# Difference between a spanning and linear combination?

1. Aug 15, 2010

### ichigo444

what is the difference of a span of a vector and a linear combination of a vector?

2. Aug 15, 2010

### quasar987

Given a set of vectors v_1,...,v_n, a linear combination of those vectors is a vector of the form a_1v_1+...+a_nv_n, for a_1,...,a_n some scalars. The span of the vectors v_1,...,v_n is the set of all the linear combinations of those vectors. I.e., it is the set whose elements are the vectors of the form a_1v_1+...+a_nv_n for all possible values of the coefficients a_1,...,a_n.

3. Aug 15, 2010

### annoymage

hmm, sorry for interrupting, but how to know when the span of some vector are equal?
ie: The span of the vectors v_1,...,v_n = The span of the vectors u_1,...,u_k.

4. Aug 15, 2010

### quasar987

One way to do it would be to check that every vector u_i is itself a linear combination of the v_j, and conversely, that every vector v_j can be written as a linear combination of the u_i.

If this is so, then span(u_1,...,u_k)=span(v_1,...,v_n). If not, then the spans are not equal.

Make sure you see why.

5. Aug 15, 2010

### annoymage

i can't clearly see it, every element in span(u_1,...,u_k) is then the element of span(v_1,...,v_n), and conversely,

then span(u_1,...,u_k) is subset of span(v_1,...,v_n), and conversely

is that really correct?

6. Aug 15, 2010

### quasar987

Suppose that for each i=1,...,k,

$$u_i = \sum_{j=1}^nc_i^jv_j$$

Then, for an arbitrary linear combination of the u_i,

$$\sum_{i=1}^ka^iu_i=\sum_{i=1}^ka^i\left(\sum_{j=1}^nc_i^jv_j\right)=\sum_{j=1}^n\left(\sum_{i=1}^ka^ic_i^j\right)v_j$$

(a linear combination of the v_j !) This shows that $\mathrm{span}(u_1,\ldots,u_k)\subset \mathrm{span}(v_1,\ldots,v_n)$.

And in the same way, if each v_j can be written as a linear combination of the u_i, we obtain $\mathrm{span}(v_1,\ldots,v_n)\subset \mathrm{span}(u_1,\ldots,u_k)$.
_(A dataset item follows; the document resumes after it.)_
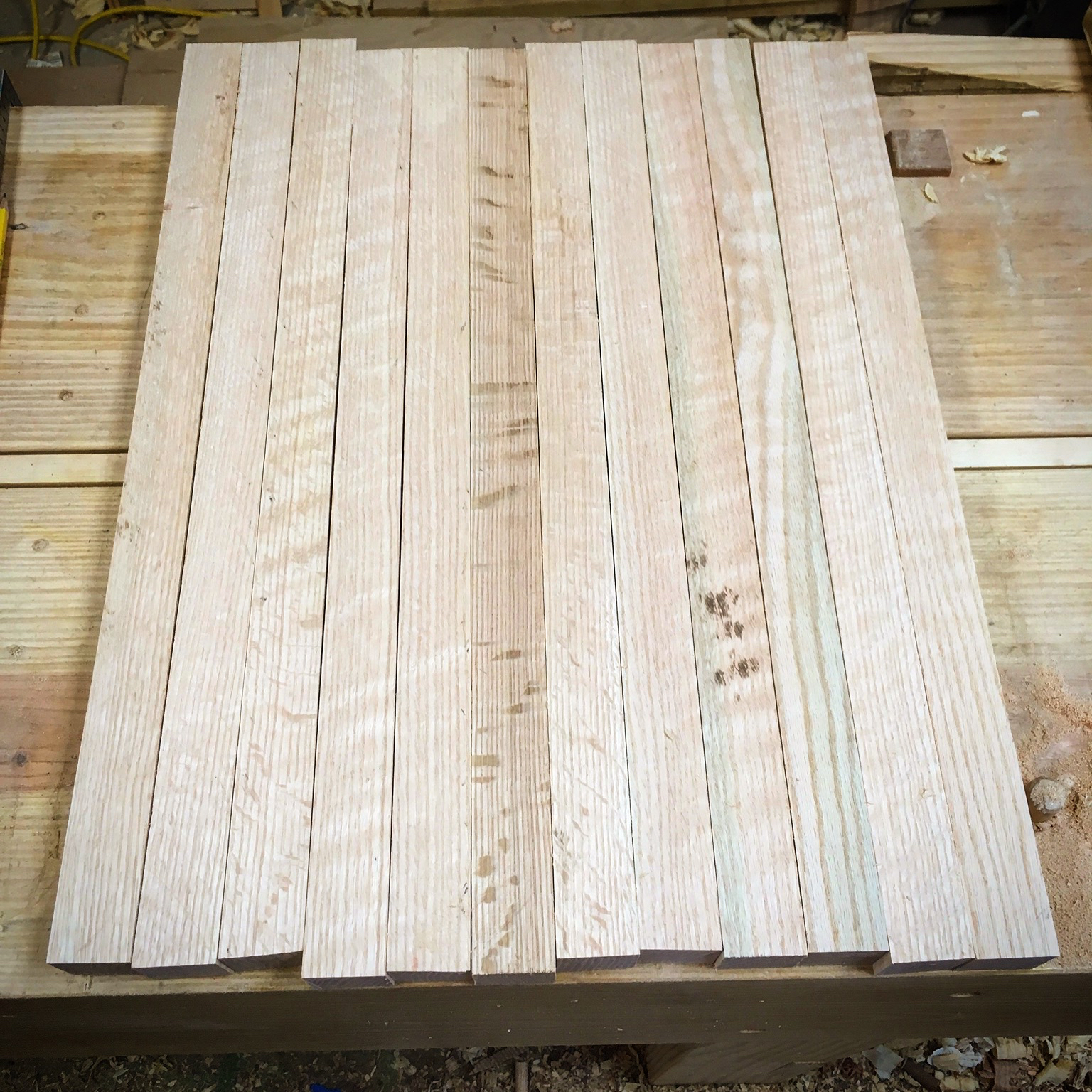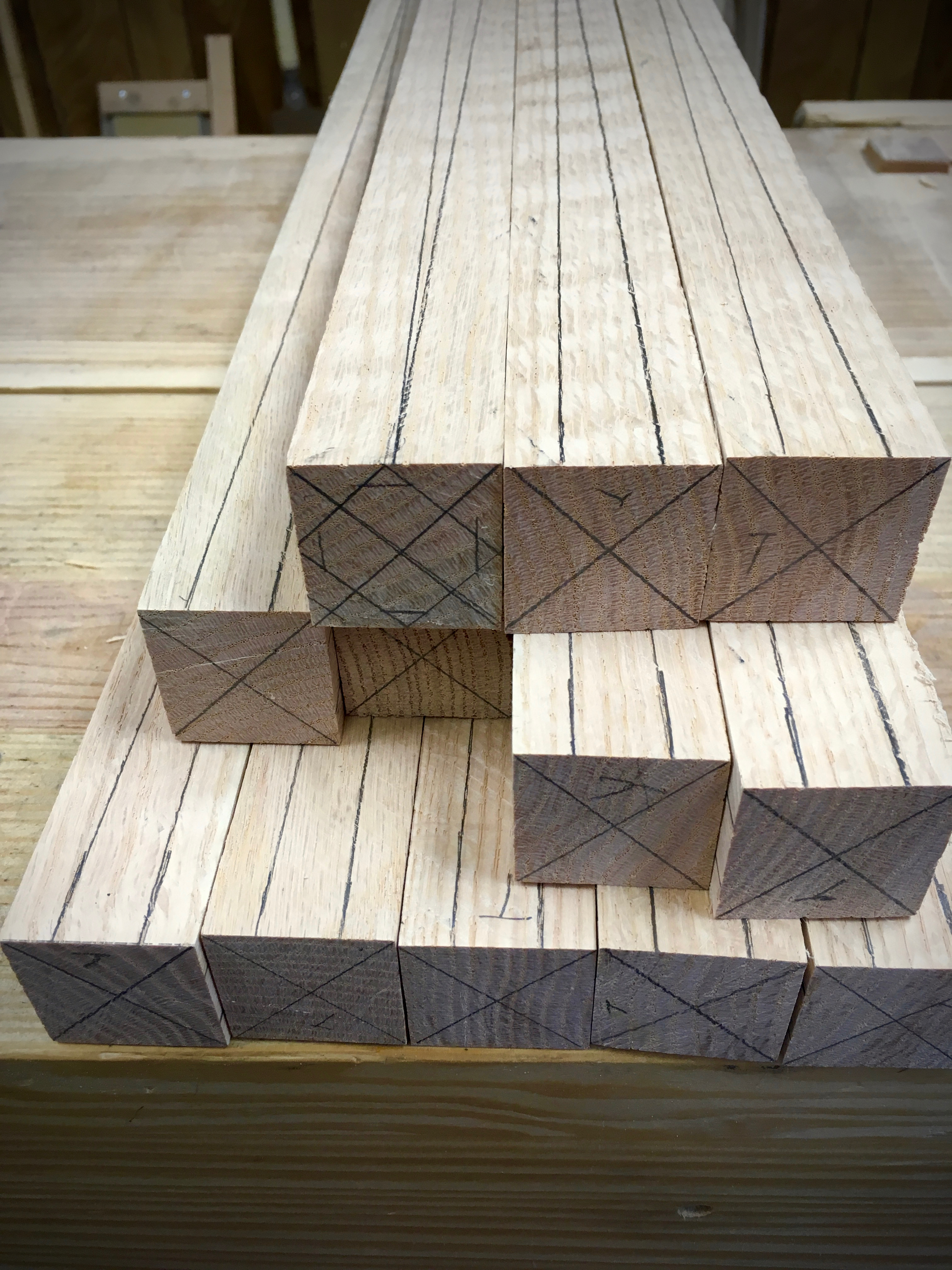 These four stools will have SYP seats, red oak legs and white oak stretchers.  I began by milling the red oak leg stock.

And so in that case, $\mathrm{span}(v_1,\ldots,v_n)= \mathrm{span}(u_1,\ldots,u_k)$.

On the other hand, if for instance, u_i cannot be written as a linear combination of the v_j's, then $\mathrm{span}(v_1,\ldots,v_n)\neq \mathrm{span}(u_1,\ldots,u_k)$ since $u_i\in \mathrm{span}(u_1,\ldots,u_k)$ but $u_i \notin\mathrm{span}(v_1,\ldots,v_n)$.

7. Aug 15, 2010

### annoymage

thanksssssssssss, i can see it now

8. Aug 15, 2010

### HallsofIvy

Staff Emeritus
And please note that these are the span of a set of vectors and the linear combination of a set of vectors. Typically the set contains more than just one vector!

A linear combination is single sum of scalars times vectors in the set. The span is the collection of all possible linear combinations of the set.